Ações de Trump deixarão "sequelas permanentes" na relação EUA-Brasil, alerta brasileira ex-subsecretária de Defesa

As políticas adotadas pelo ex-presidente dos Estados Unidos, Donald Trump, contra o Brasil, como a imposição de sanções e tarifas, além de ameaças ao governo brasileiro e ao Supremo Tribunal Federal (STF), terão "sequelas permanentes" na relação bilateral entre os dois países. A avaliação é de Jana Nelson, brasileira-americana que atingiu alta hierarquia no governo americano, atuando como subsecretária de Defesa para o Hemisfério Ocidental.
Nelson, que dedicou 20 anos de sua carreira a fortalecer os laços entre Brasil e Estados Unidos, considera que houve uma "quebra de confiança" com impactos duradouros. "Daqui a 20 anos, vão fazer referência ao que está acontecendo hoje, vão dizer: é por isso que não se pode acreditar no que diz o governo americano", afirmou em entrevista ao jornal Folha de S.Paulo.

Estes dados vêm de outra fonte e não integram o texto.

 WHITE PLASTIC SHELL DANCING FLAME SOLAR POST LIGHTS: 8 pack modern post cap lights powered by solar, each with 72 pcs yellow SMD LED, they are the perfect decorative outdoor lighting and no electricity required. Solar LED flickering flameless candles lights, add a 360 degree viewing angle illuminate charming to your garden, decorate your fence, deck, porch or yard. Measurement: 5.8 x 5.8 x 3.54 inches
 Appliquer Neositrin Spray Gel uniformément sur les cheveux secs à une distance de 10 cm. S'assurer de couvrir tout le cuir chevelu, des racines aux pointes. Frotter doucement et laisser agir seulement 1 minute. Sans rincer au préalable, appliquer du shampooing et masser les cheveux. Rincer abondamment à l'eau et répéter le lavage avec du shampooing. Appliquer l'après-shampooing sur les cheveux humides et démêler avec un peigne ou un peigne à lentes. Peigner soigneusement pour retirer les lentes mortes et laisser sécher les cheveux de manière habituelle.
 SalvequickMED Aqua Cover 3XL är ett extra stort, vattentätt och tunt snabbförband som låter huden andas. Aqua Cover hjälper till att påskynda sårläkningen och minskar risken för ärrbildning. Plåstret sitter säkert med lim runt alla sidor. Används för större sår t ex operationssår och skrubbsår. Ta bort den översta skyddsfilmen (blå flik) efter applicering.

Segundo a ex-subsecretária, as medidas de Trump alimentam um antiamericanismo já latente no Brasil, comparando o cenário atual ao impacto do apoio americano ao golpe militar de 1964. Ela destacou que o uso de leis tarifárias para fins coercitivos e sanções por vingança "não é algo normal" e que a postura de Trump rompe com os pressupostos de livre comércio e globalização que os EUA historicamente defendiam.
Mesmo com uma eventual mudança de governo nos EUA, Nelson acredita que a relação não voltará a ser como antes. "Os outros países não vão acreditar em nós, não vão querer trabalhar conosco", ressaltou, citando a diversificação econômica e de política externa em curso no Brasil e em outras nações como consequência da "suspeita incrustada no sistema de que os EUA não são confiáveis".

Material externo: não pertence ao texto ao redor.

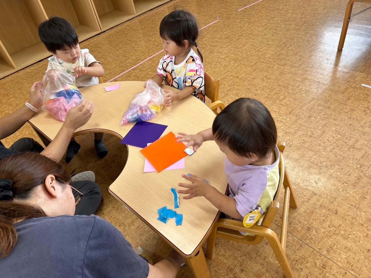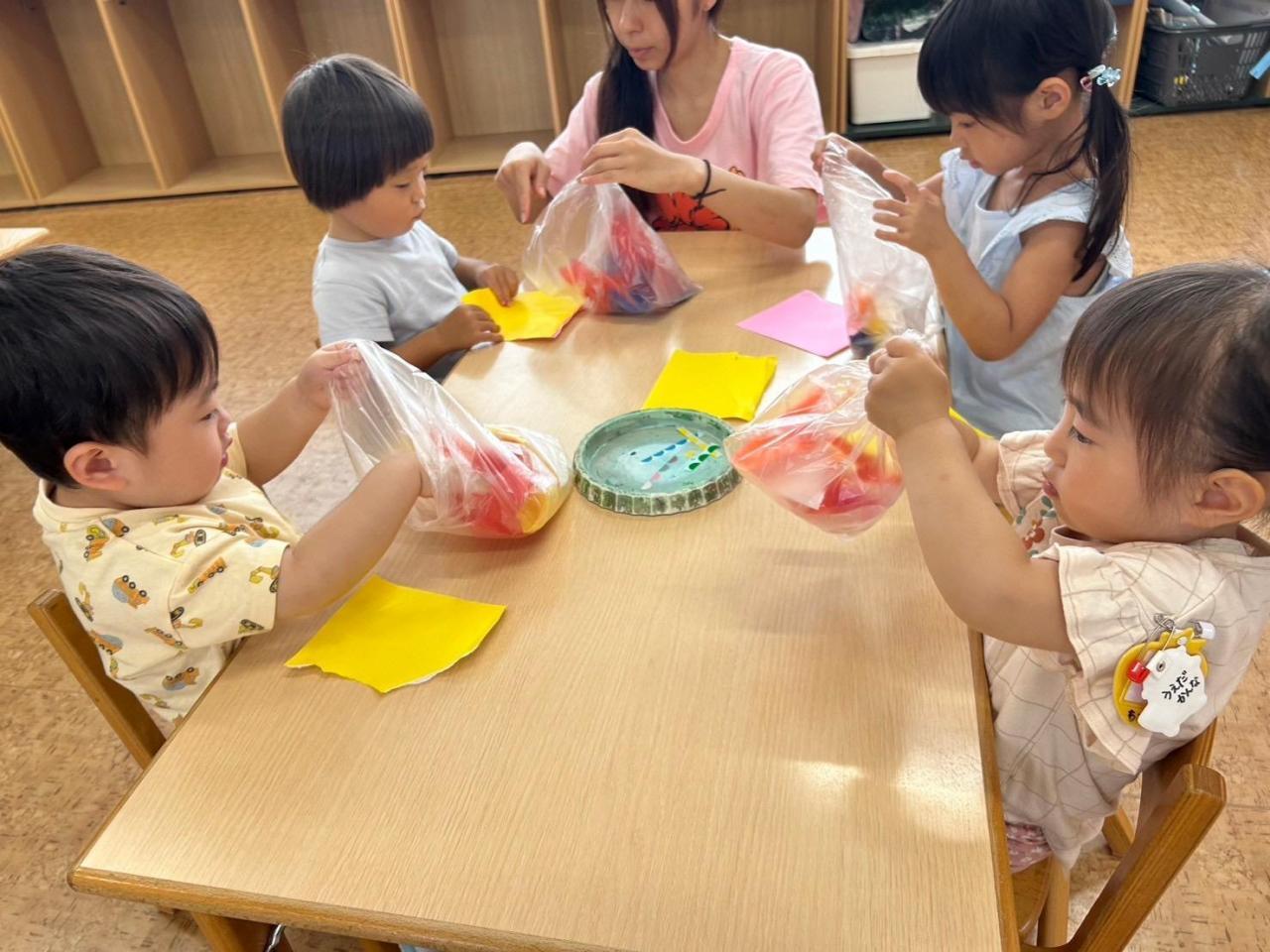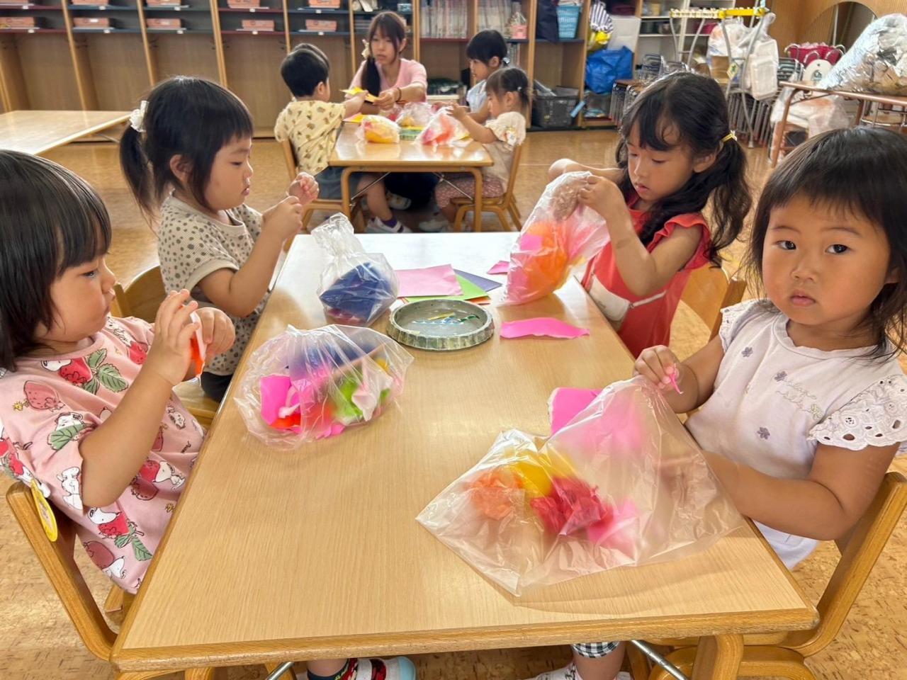 お花紙をくしゃっとしたものや、折り紙をビリビリ破ったものを袋に詰めて、カラフル金魚の出来上がり!

Sobre as negociações, a brasileira-americana sugeriu que o Brasil poderia buscar a pressão de empresas privadas americanas e o debate no Congresso dos EUA sobre a limitação do uso da "International Emergency Economic Powers Act of 1977" (Ieepa), lei utilizada como justificativa para as tarifas. Ela acredita que, com o tempo, o aumento da inflação nos EUA poderá levar legisladores republicanos a apoiar restrições à Ieepa.
Nelson também abordou o reflexo da crise nas relações Brasil-EUA no fortalecimento dos laços do Brasil com a China. Ela alertou, porém, sobre os perigos de uma excessiva dependência econômica da China, destacando a necessidade de equilíbrio e cautela.
Jana Nelson, 41 anos, é formada em relações internacionais pela Universidade de Brasília e possui mestrado pela Universidade Georgetown. Além de subsecretária de Defesa, atuou como assessora sênior da missão dos EUA na ONU e integrou a equipe responsável pelo Brasil no Departamento de Estado. Atualmente, chefia para América Latina do Instituto Tony Blair, mas concedeu a entrevista em caráter pessoal.